Ground floor ... I feel normal, content, just quietly getting on with ordinary, everyday life, loving my family and friends. This is as it should be. And maybe there's nothing wrong with me after all. Live.
Going up, top floor. Oh look! There's a shiny thing! I want to sing! Let's go buy stuff! Let's have a big party and invite the world! What could possibly go wrong! Woooooo hoooooooo! Play.
Going up (a different day) top floor. What do you mean you don't agree with me! I'm right! Why don't you think like me? Keep up! How can you be so illogical? I'll f-ing shred you if you don't do what I want! Rage.
Going down, lower ground floor. Flat, listless, can't be bothered. Can still function but it's a drag. Cope
Going down, basement. I'm never getting out of bed again. I'm useless, worthless. Total idiot, how could I ever imagine I could do anything, nothing ever goes right because I'm wrong. I'm a burden to everyone. Hide.
Welcome to my bipolar world. It's always been my world, but it's only recently I've seen it for what it is. About 15 years ago I was diagnosed with clinical depression during one of my 'basement' times.

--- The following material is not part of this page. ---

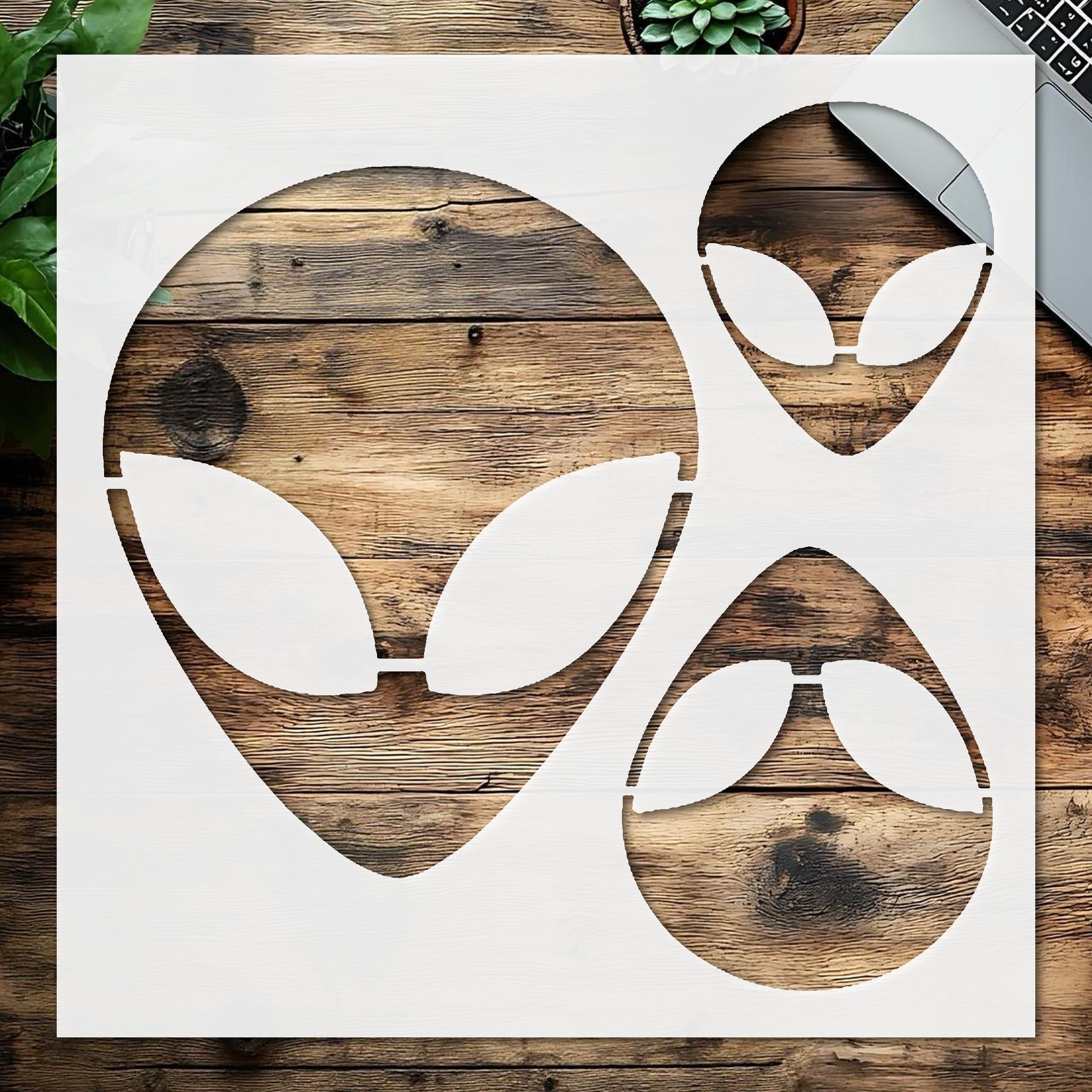 Professional Stencil Alien Head Design, Plastic Reusable, Reusable Plastic, L x W, for DIY Crafts and Home Decor stencil for creating beautiful designs on various surfaces. Perfect for painting on wood, fabric, walls, and other materials. Reusable and durable for multiple projects.

I had a lot of lower ground floor times too, on and off, and I kept out of the basement (so I thought) with alcohol. Until that took me into the blackest ever basement with only one obvious way out. Having survived doing something very dangerous I realised I had to stop drinking or I really would die.
I never took much notice of the playful times or the anger, that was just me, I was fun sometimes, and sometimes I was a devastating bitch. Ha! Deal with it people!
Well, yes, but in time the elevator started going up and down too quickly and, as I became more aware and more knowledgeable about mental health I realised this wasn't good. Doctor. Diagnosis. Bipolar 2. Lithium.
So, I've started this thread in the hope that other bipolar folks will join me, to share experiences and strategies. In my 'beginners' understanding, we are different from other fellow travellers of the back dog. While we experience depression as many others on this site do, the hypomanic or manic ups and, for some the rapid cycling that can happen, are experiences unto themselves.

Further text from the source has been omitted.